There are three major types of influenza vaccine approved by the Food and Drug Administration in the United States, including inactivated vaccine, live-attenuated vaccine and recombinant vaccine. The manufacture of inactivated vaccine or live-attenuated vaccine is derived from a specific strain of AIV that probably confers only strain-specific immunity. In addition, inactivated vaccines and live-attenuated vaccines seldom elicit cross-protective immunity against different subtypes of AIVs. A mismatch between the available vaccines and the circulating AIV strain may contribute to high mortality and wild transmission in the avian and human population.
Virus-like particles (VLPs) are non-infectious nanoparticles made up of assembled viral proteins without viral genetic materials. In comparison to whole inactivated vaccines, VLP vaccines consisting of different combinations of antigen have the advantage to induce a broader immune response [10
]. At present, highly conserved ectodomain of M2 protein (M2e) or the stalk of the HA protein have been used as the antigen for a VLP vaccine candidate for influenza viruses [11
]. Animals vaccinated with M2e VLP have lower morbidity and viral titers, while the viral clearance has not been observed. VLP with stalk HA elicits cross-protective humoral immunity against various strains of AIVs; however, it is less immunogenic [11
]. Several studies also posed different strategies. For example, Wu et al. fused a conserved M2e protein at the N-terminus of HA, or at the N-terminus of NA in the H5N1 VLP, to protect against heterosubtypic H1N1 and H5N1 [13
]. Kang et al. have expressed two HAs derived from a different clade of AIVs to enhance robust immune response [14
]; however, expression of multiple genes in one vector may also contribute to assembly instability due to the tandem repetition of similar sequences [15
]. In this study, we supposed that the conformation of VLP presenting the HA and NA may be similar to the native virions that induced antibodies and will be able to target the HA, which can effectively inhibit viral replication. VLPs can be produced in several expression systems, including mammalian cells, plants, insect cells, yeast and bacteria. Since the VLPs generated from a baculovirus-infected insect cell line have advantages of high expression yield, good protein folding with glycosylation modification and ease for scale-up production, we aimed to develop a potential VLP-based vaccine by using the baculovirus-insect cell expression system.

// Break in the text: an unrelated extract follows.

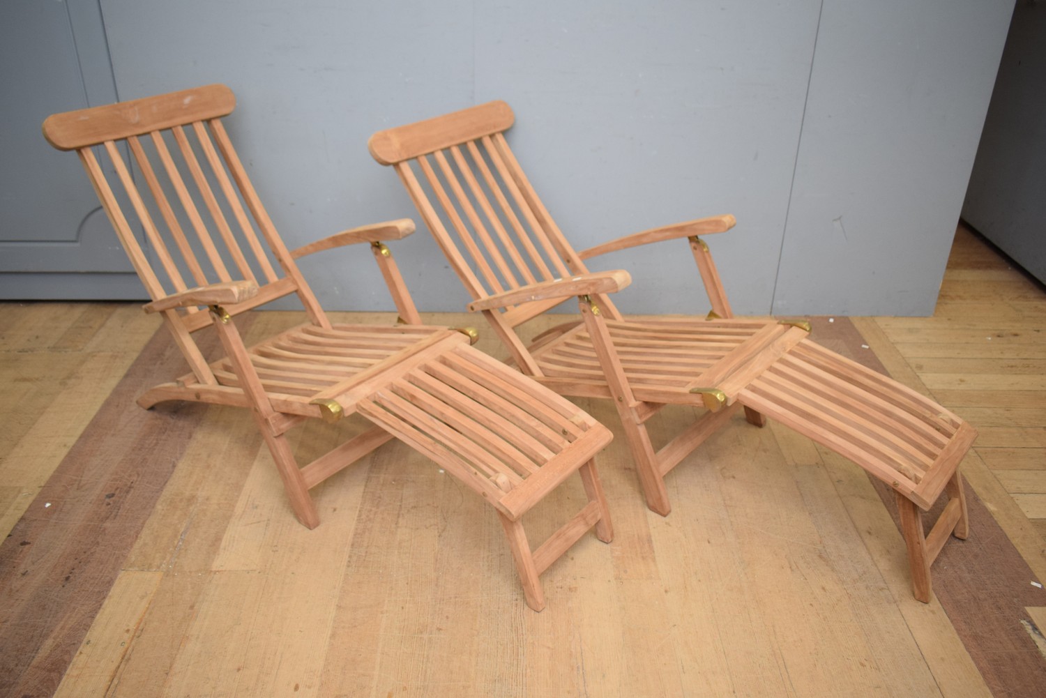 A PAIR OF TEAK STEAMER LOUNGERS (90H X 59W X 152D CM) (LEONARD JOEL DELIVERY SIZE: LARGE)

In our previous study, we analyzed genetic evolution of HA from H5Nx viruses circulating in Taiwan. The phylogenetic analysis performed by PAUP showed that all the new H5Nx viruses isolated in Taiwan belonged to clade 220.127.116.11, except the old H5N2 circulating prior to 2015. HA and NA gene sequences derived from different avian influenza viruses, including A/Northern pintail/Washington/40964/2014 H5N2 (clade 18.104.22.168b), A/duck/Taiwan/1702004/2017 H5N6 (clade 22.214.171.124e), A/duck/Hyogo/1/2016 H5N6 (clade 126.96.36.199e), A/Sichuan/26221/2014 H5N6 (clade 188.8.131.52a), A/gyrfalcon/Washington/41088-6/2014 (H5N8) (clade 184.108.40.206b) and A/chicken/Taiwan/x37/2016 H5N8 (clade 220.127.116.11b), were used for lentiviral pseudovirus production, as described previously [16
]. We further identified an H5N6-Sichuan subtype that exhibited high neutralizing titers against different subtypes [16
]. A lentiviral vector-based vaccine is able to directly express the antigen of interest in target cells in vivo, which can effectively induce antigen-specific CD8+ T cell immune response [17
]. Although several studies have demonstrated the protective efficacy in preclinical and clinical trials, it was still not approved to be used in humans to date. The main concern is the stability of viral integration in the host genome, which may activate the cellular protooncogene by integrated long terminal repeats (LTRs) or the transcriptional interference and suppression by LTRs [18
]. Therefore, we developed a potential vaccine candidate using a virus-like particles expression system that is non-infectious and had been approved to use in humans. In order to further investigate whether H5N6 Sichuan subtype would be a potential vaccine candidate for humans, we aimed to establish a virus-like particle expression system and further evaluate the immune response elicited by VLP and 293T mammalian cell-expressed protein in mice models.
2. Materials and Methods
2.1. Cell Culture
Insect cell lines, Spodoptera frugiperda ovarian cells (Sf21) and Trichoplusia ni ovarian cells (High FiveTM) were cultured at 28 °C in an incubator, without CO2 and water supplement. Sf21 cells were maintained in Grace’s Insect medium (Gibco) supplemented with 10% fetal bovine serum (FBS, Hyclone, Thermo Fisher Scientific, Carlsbad, CA, USA) for baculovirus production. For H5N6-Sichuan VLP production, High Five™ cells were cultured in serum-free HyClone™ SFM4 Insect medium (Hyclone) with 1% penicillin streptomycin mixtures (P/S).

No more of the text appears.